> _EXERCISE DETAILS_
Would you copy exactly the lines in the data below from the one that has "Indian defence ministry" through the one that has "NET ASSET VALUE", dropping any pictures?

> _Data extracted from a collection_
┄┄┄┄┄┄

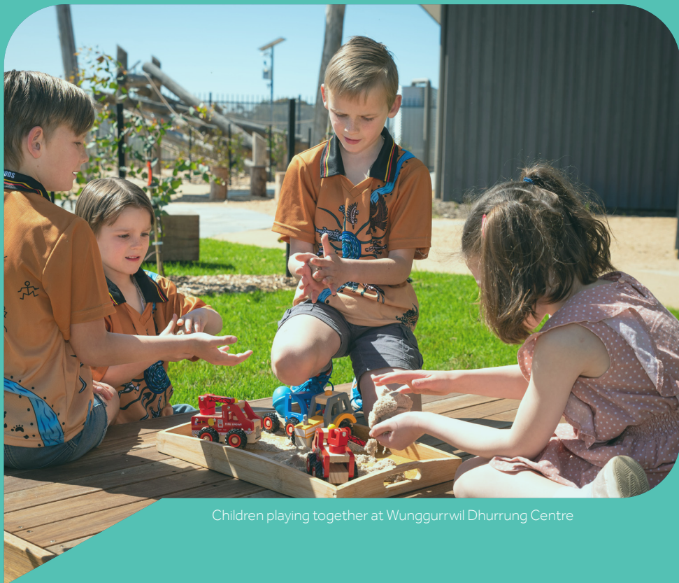
Children playing together at Wunggurrwil Dhurrung Centre
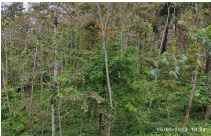
JCF Model of JFMC Wakching Batch II
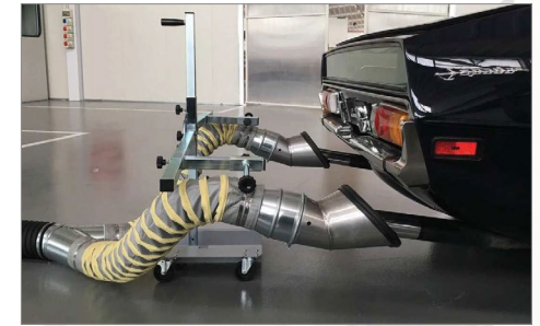
High temperature version available.
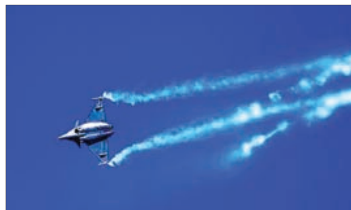
An Dassault Rafale from the French Air Force flies over San Lorenzo beach during an aerial exhibition in northern Spain.

Indian defence ministry officials have earlier said the value of the deal could be $8.5 billion to $9 billion.—Reuters
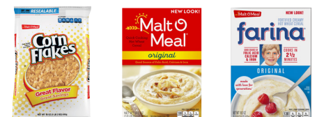
Corn Flakes Hot Wheat Original Farina Original
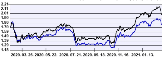
NET ASSET VALUE PER SHARE, 02/29/2020 - 02/28/2021

Past performance is no guarantee of future results. This report should not be considered as an offer or investment advisory. The Fund Prospectus contains the detailed conditions of the investment. The distribution costs of the fund purchase can be found at the distributors.
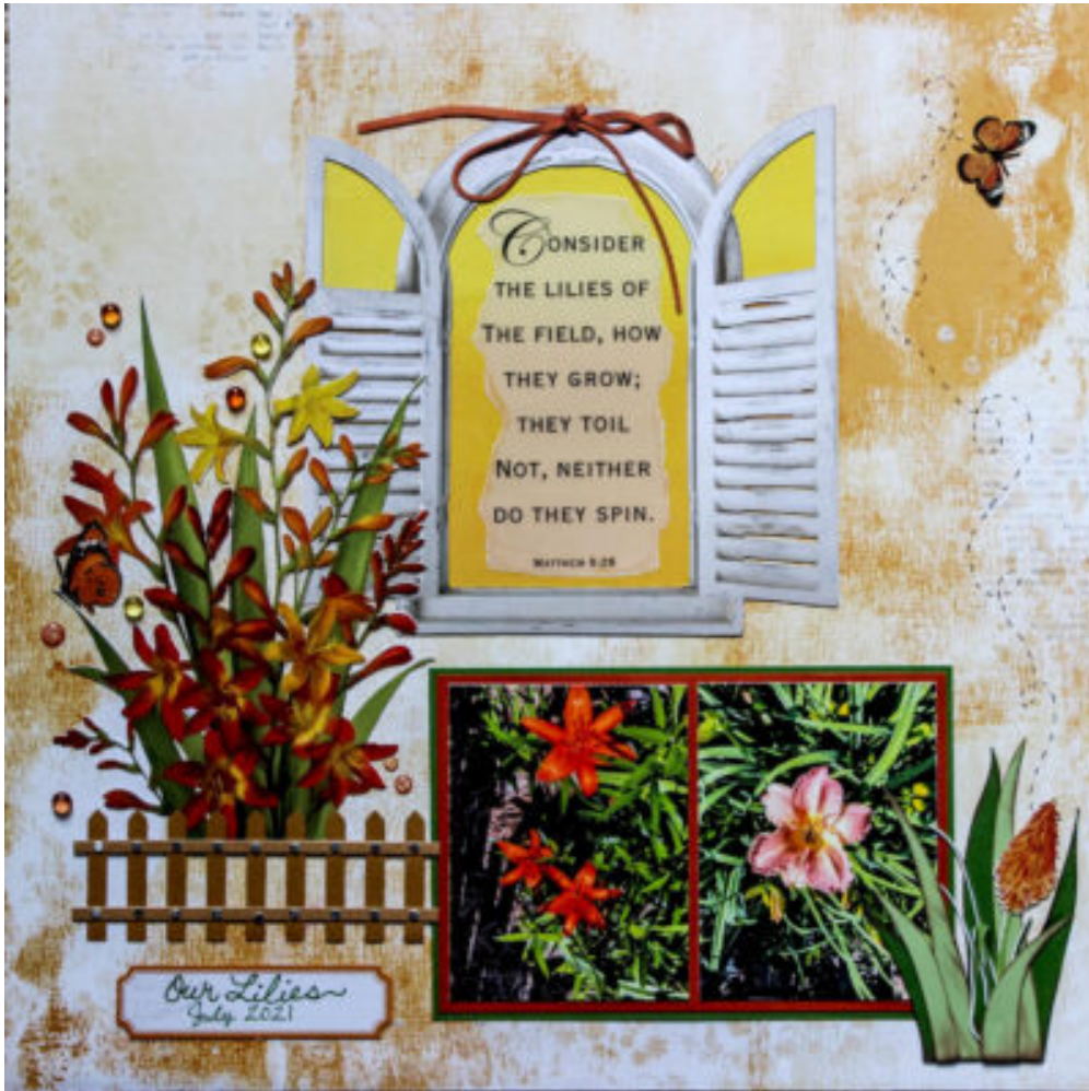
Layout by Betty
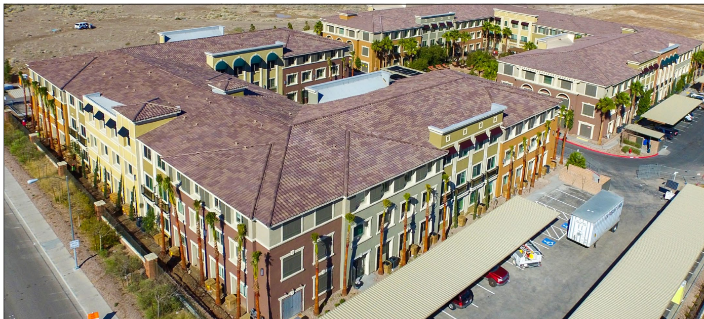
Tempo Senior Duet Apartments (Russell Senior Apartments Phase II)

To apply for housing online, click on the housing link at the top of this page: http://www.accessiblespace.org/
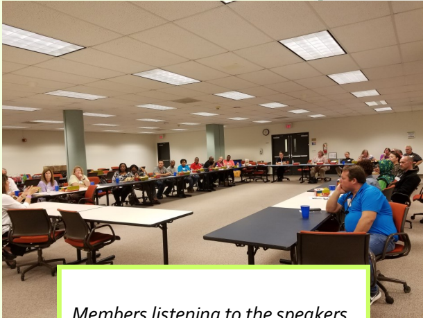
Members listening to the speakers
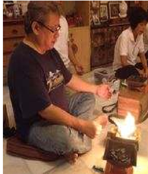
Large gathering at Mantin in Negeri Sembilan , Malaysia
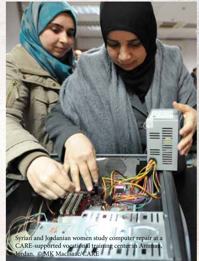
Syrian and Jordanian women study computer repair at a CARE-supported vocational training center in Amman, Jordan.
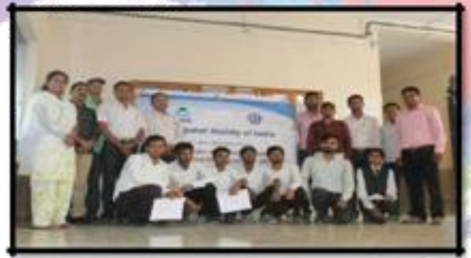
All the Winner participants with HOD's and faculty members.
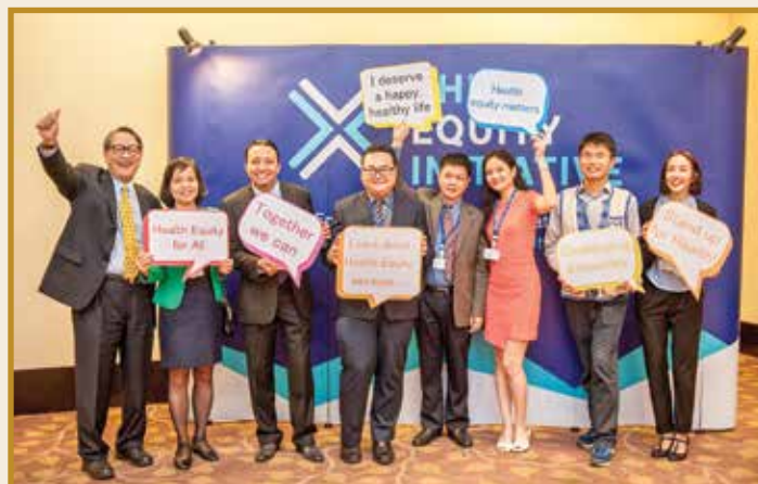
At the launch of the Equity Initiative in 2016, a long-term investment in leadership for health equity in Southeast Asia.

┄┄┄┄┄┄

> _EXERCISE OUTPUT_
Indian defence ministry officials have earlier said the value of the deal could be $8.5 billion to $9 billion.—Reuters
Corn Flakes Hot Wheat Original Farina Original
NET ASSET VALUE PER SHARE, 02/29/2020 - 02/28/2021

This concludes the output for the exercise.